After Japan, Now The UK’s Economy Has Slipped In To Technical Recession


The recession is expected will be short lived with recovery expected in CY24, with inflation likely to moderate


Jahnavi Prabhakar,

Economist,

Bank of Baroda 

Mumbai, February 16, 2024: Softer than expected retail sales print in the US has fuelled bets of dovish outlook by Fed. As per the CME Fed watch tool, odds of rate cut in May’24 jumped up to 40%, for Jun’24 they were around 80%. On the other hand, fall in weekly jobless claims signalled strength in labour market. Investors will await PPI report for more cues. Separately, after Japan, now the UK’s economy has slipped in to technical recession. The economy shrank by 0.3% for Q4CY23 on a quarterly basis compared with contraction of (-) 0.1% in the Q3CY23. This was led by broad based decline across the sectors, services (-0.2%), production (-1%) and construction (-1.3%). Furthermore, weakness in labour market and persistently high inflation added to the contraction. However, analyst expect the recession will be short lived with recovery expected in CY24, with inflation likely to moderate.

  • Global indices closed higher. US indices ended in green as hopes of a possible rate cut by Fed resurfaced after disappointing retail sales data (-0.8% from +0.4% in Dec’23). Nikkei surged by 1.2% and is on course to record an all-time high. Sensex (0.3%) continued to advance supported by gains in oil & gas and power stocks. It is trading higher today, in line with other Asian stocks.
  • Except INR, other major currencies closed higher against the dollar, with EUR and JPY gaining the most. DXY fell by 0.4%, dragged by drop in treasury yields. INR ended flat, despite increase in international oil prices. It is trading a tad higher today, in line with other Asian currencies.

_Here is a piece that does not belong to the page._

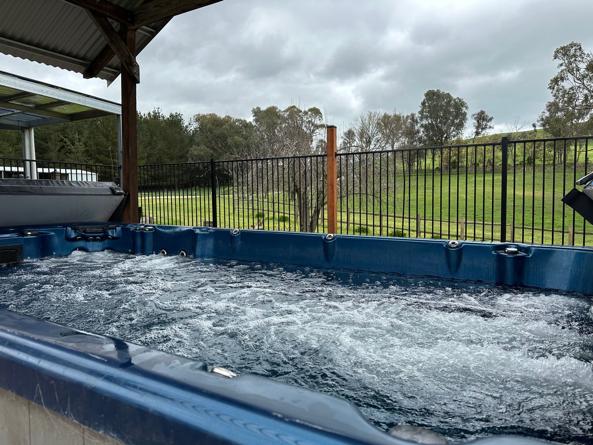 • Swim spa set under a covered pergola - the perfect retreat after a long day

Global 10Y yields ended mixed. 10Y yields in US, Japan and India fell, while

they were up in UK and Germany. With sharper than expected decline in US

retail sales, hopes of rate cut by Fed in Jun’24 have firmed up. India’s 10Y yield

fell by 2bps, even as oil prices rose. Following global cues, it is trading further

lower today at 7.08%.

(The views expressed in this research note are personal views of the author(s) and do not necessarily reflect the views of Bank of Baroda. Nothing contained in this publication shall constitute or be deemed to constitute an offer to sell/ purchase or as an invitation or solicitation to do so for any securities of any entity.)